Horror Movies Aren't Doomed, And Everyone Saying So Is Just An Idiot

For horror fans, October is sacred. Commonfolk wear costumes, visit haunted attractions, and celebrate all things festively creepy en masse. Television channels, streaming platforms, and theaters dedicate overwhelming program blocks of Halloween favorites. Horror is en vogue, but with that attention comes the invariable onslaught of taste-maker trades showing their whole-ass behinds. Those who treat horror as unworthy for 11 other calendar months suddenly have opinions about horror's "resurgence," "death," or incoming "fatigue." It's a clockwork tradition that riles internet hordes — with good reason.
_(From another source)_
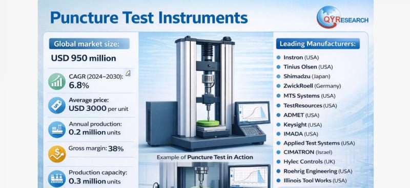 QY Research has released a comprehensive new market report on Puncture Test Instruments, a devices used to measure the resistance of materials to puncture forces. They evaluate how much force is required to pierce or penetrate materials like plastics, films, textiles, paper, leather, rubber, or packaging materials. These instruments are widely used in quality control, research and development, and manufacturing to ensure materials meet mechanical strength and safety standards.

This year, two specific articles dominated genre discussions despite their wildly unsubstantiated and data-ignorant claims. The Hollywood Reporter warned that studio executives are worried about "Horror Fatigue," while Vulture opted for the headline "Horror Movies Are Just Trying To Survive." I hate the phrase "Horror Fatigue"; it's a made-up phenomenon that's been disproven year after year. Yet, sites like THR and Vulture approach horror-centric journalism with a goldfish's attention span.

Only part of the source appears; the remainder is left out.